New York Times Washington Editor Asks, Why Won't The Democrats Be More Racist?

In defeat, American liberals and the left are currently engaged in two arguments, which really amount to one argument: Whose fault is it that Hillary Clinton lost, and what should the Democratic Party do to defeat Donald Trump and down-ballot Republicans the next time around?

The first step in answering that second question is choosing the next person to run the Democratic National Committee. The DNC is currently headed up by Donna Brazile, who has been leading it in an interim position after the forced resignation of Debbie Wasserman Schultz. Yesterday, a DNC meeting held by Brazile apparently became so contentious that a staffer only identified as “Zach” was reportedly booed as he openly questioned whether anyone at the top of the organization should be trusted going forward.

So far, two candidates have expressed interest in taking over the DNC. One is the former Vermont governor and onetime doomed populist presidential candidate Howard Dean, of the Dean Scream. He was chair of the DNC once before, from 2005-2009, when the Democrats were able to crawl out of the muck of the Bush years thanks to the fortuitous emergence of a miraculous politician named Barack Obama.

The other person hoping to lead the DNC through Trump’s first term is Representative Keith Ellison of Minnesota, who also runs the Congressional Progressive Caucus. You may have seen Ellison’s face in a clip that was well circulated after election night, during which, in July 2015, he warned Democrats to not underestimate the growing appeal of Donald Trump. George Stephanopoulos and another talking head then laughed directly in his face.

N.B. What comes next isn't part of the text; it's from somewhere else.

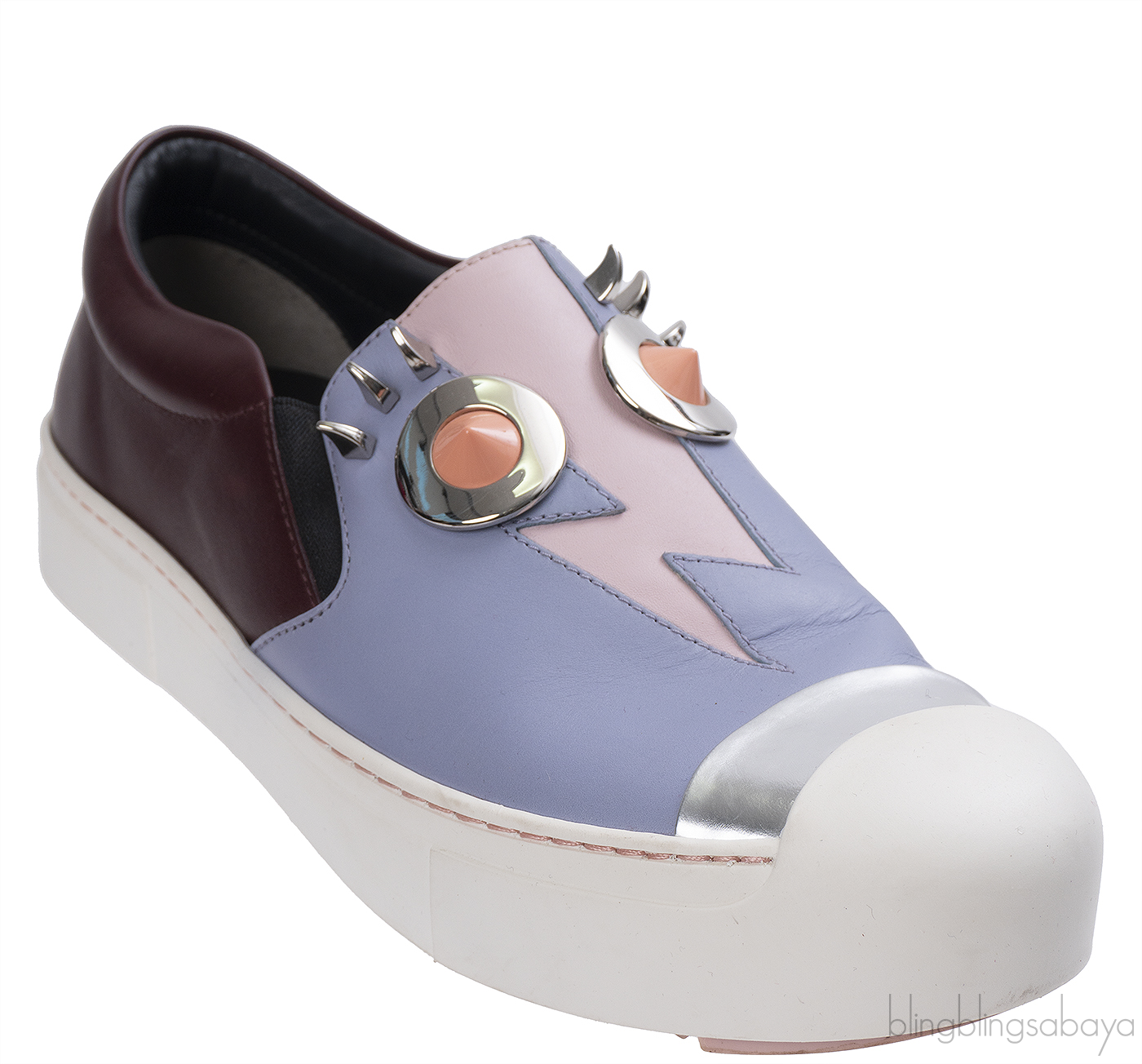 These Monster Slip On Sneakers from Fendi are crafted from multicolor leather upper with black leather lining. These sneakers features a monster motif with orange eyes surrounded with silver metal and silver lashes, round rubber toe, elastic on side vamp, fendi logo and rubber sole.

Ellison, a popular and well-regarded politician from a state that stayed narrowly blue in a region that flipped to red, might seem like a reasonable choice to help refocus the Democrats. But Jonathan Weisman, no less than the deputy editor of the New York Times’ Washington bureau, sees things differently:

Weisman, who quit Twitter at one point during the campaign after being subjected to a flood of anti-Semitic abuse, thinks that the answer to Trumpism is to build an opposition that accommodates the concerns of racists and anti-Semites. This is the cringing reflex of people who consider themselves guilty of membership in the coastal elite—give the people who voted against you what they want, so they might vote for you next time.

Keith Ellison is a populist supported by Bernie Sanders. He represents Minnesota, which is not technically the Rust Belt but is close enough that Ellison took seriously Trump’s rise a full 20 months before the election. But he’s black, and Muslim, and therefore the deputy editor of the Washington bureau of the Times knows that it would be foolish to pick him.

Thankfully, the Democratic establishment, of all things, may be rejecting this sort of racist pacification of racists. According to various reports, Chuck Schumer—an establishment-friendly, Wall Street-backed Democrat who might have been Senate majority leader under Hillary Clinton but who is now instead in charge of organizing the small blue firewall left on Capitol Hill—backs Ellison’s candidacy.

That is to say that the party establishment is reaching left to atone for its sins. Will the same be said of the media?